Hello, I am a young artist living and working in
New York, and I'm posting here because I'm seeking information that
relates to this forum's collective knowledge of the Klingon Language and its
translation into English.

I seek a Klingon Translation of the Serenity Prayer (Specifically, the
version of the prayer used by Alcoholics Anonymous), which is as
follows:

"God grant me the Serenity to accept the things I cannot change,
Courage to change the things I can,
and the Wisdom to know the difference."

This elegant and powerful prayer has been very important to me
throughout my life, and I am i interested in finding a new way to
present it to the world.  My intention is to create an ornamental
plaque featuring sculptural elements in carved relief along with the
Serenity Prayer (translated into Klingon, and written in Klingon
script).  I am hoping not only to create a beautiful artwork, but also
that that such an artwork could evoke in a viewer some contemplation
about the universal need for prayer.  I am also interested in the ways
in which such an object would represent a domestic side of Klingon
culture that is rarely in the public consciousness.  I am also
interested in the way that such a sculpture addresses  contemporary
relationships to both religion and entertainment.
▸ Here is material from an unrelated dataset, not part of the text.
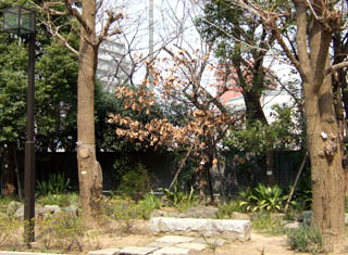 左は、新校舎と共に植えられた「紅梅・白梅」です。いまだ若木ですが年々大きくなっています。大宰府天満宮の「飛梅」は、1100年の歴史とか、この梅も戸山高校と共に永く栄えてほしいと思います。

I am also hoping that this project could also create more awareness of
the Klingon Language.

My question for you is this:

Where can I find a translation of this prayer rendered in Klingon
script?  I am looking for something more than a simple swapping out of
words, English for Klingon, but rather a translation that would
respect the integrity of both the prayer and the Klingon language.  I
would love to be as accurate as possible. 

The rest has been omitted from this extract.